Today’s historical reality is quite different from the 1970s, but the essence of Friedman’s objection to CSR hasn’t changed. It’s that you and I get to be who we are by going out into the world and making something of ourselves. When our ability to do that gets smothered beneath social responsibility requirements, we may help others (or possibly not) but no matter what, we sacrifice ourselves because we’ve lost the freedom to go and do what we choose.
The final major argument against corporate social responsibility in its various forms is that the best way for most corporations to be socially responsible is to contribute to the community by doing what they do best: excelling in economic terms. When corporations are making profits, the money isn’t just disappearing or piling up in the pockets of the greedy super-rich (though some does go there), most of it gets sent back into the economy and everyone benefits. Jobs are created, and those that already exist get some added security. With employment options opening, workers find more opportunities to change and move up: more successful corporations mean more freedom for workers.

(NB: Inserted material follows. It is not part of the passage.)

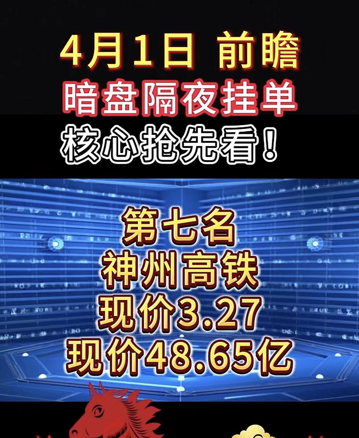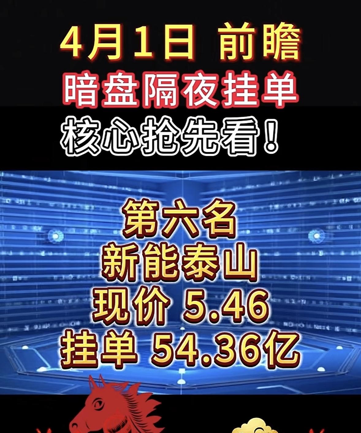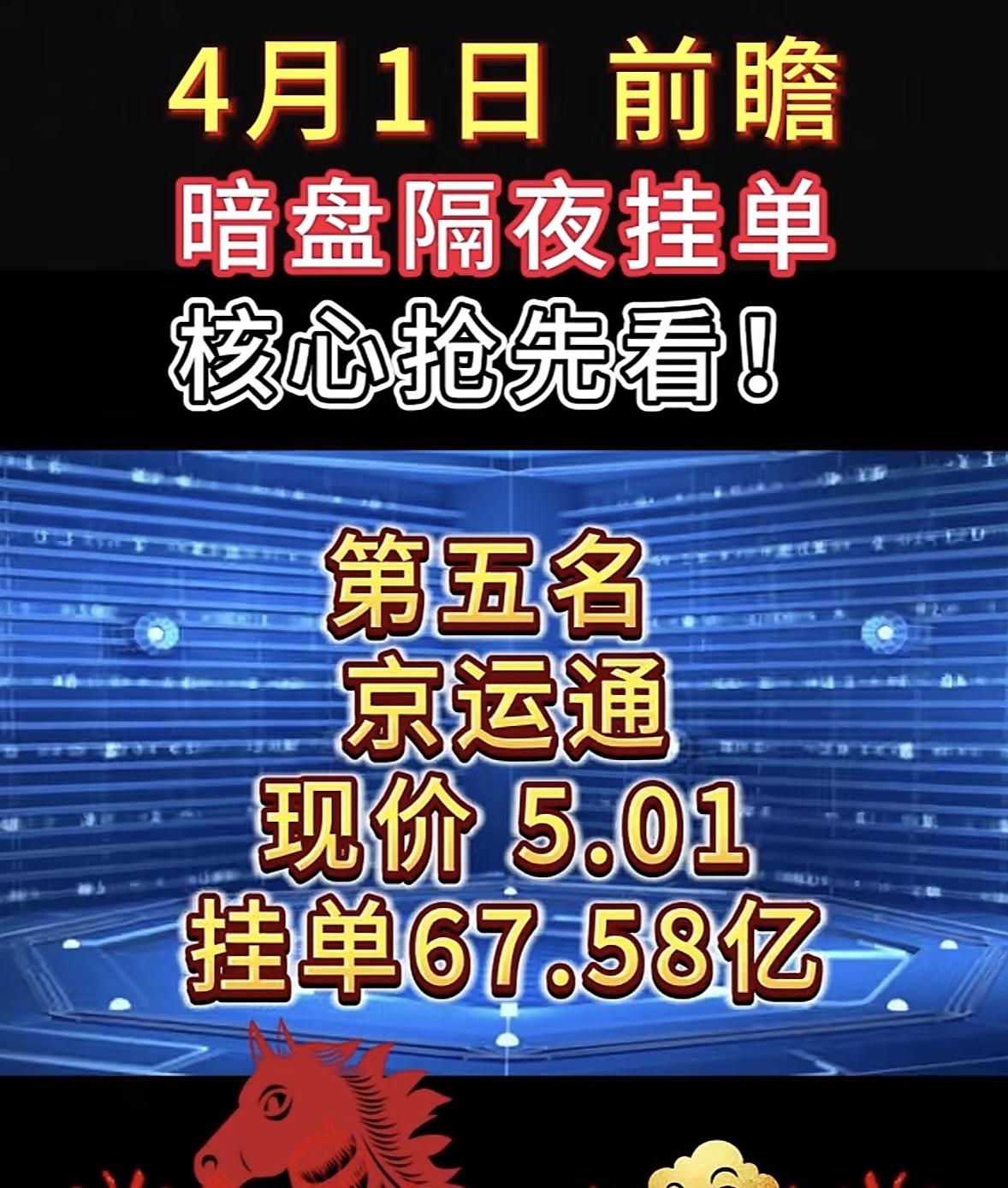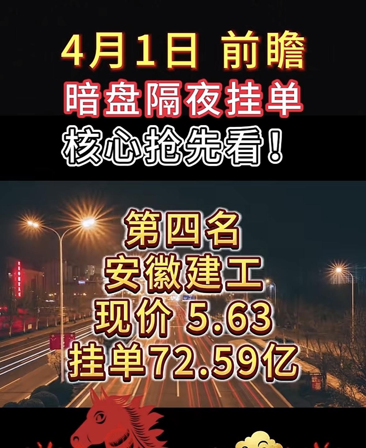 4月1日周三暗盘隔夜挂单排行榜揭晓 4月1日暗盘隔夜挂单可太有门道了!隔夜挂单就像股市版“熬夜排队抢票”,在当天股市收盘后提前提交次日买卖委托单,等第二天开盘集合竞价时统一报送至交易所。 不同券商系统开放接受委托的时间点不同,像招商、银河证券早的17:30就能挂,华泰、海通证券要到20:00。挂单后一直有效,到次日9:15集合竞价开始。其核心目的是抢时间、锁价格,应对隔夜突发消息。 第二天查看挂单结果,早上9:15集合竞价开始后,打开交易软件,重点看委托查询或当日委托栏目,显示已报或待成交,说明单子已提交。掌握这些,4月1日暗盘隔夜挂单就能抢占先机啦!

Further, corporations don’t get to be successful through luck, but by delivering goods and services to consumers at attractive prices. Corporate success, that means, should indicate that consumers are doing well. Their quality of life improves as their consumer products improve, and those products improve best and fastest when corporations are competing against each other as freely as possible.
What about the public welfare in the most general sense, the construction of parks and schools and similar? Here too corporations do the best for everyone by concentrating on their own bottom line. More hiring, sales and profits all also mean more tax revenue flowing to the government. And since elected governmental entities are those organizations best equipped to do public good, the most a corporation can hope for with respect to general social welfare is to succeed, and thereby generate tax revenues for experts (or, at least democratically elected officials) to divide up wisely.
The term marketplace responsibility, finally, names the economic and social (and political) view emerging from Friedman’s arguments. The title doesn’t mean ethical responsibility in the marketplace so much as it does the specific conception of ethical responsibility that the open marketplace produces. It has two aspects. First, the notion of corporate social responsibility is misguided and dangerous, and, second, the corporate purpose of profit maximization serves the social welfare while cohering with the value of human freedom that should be paramount in business ethics.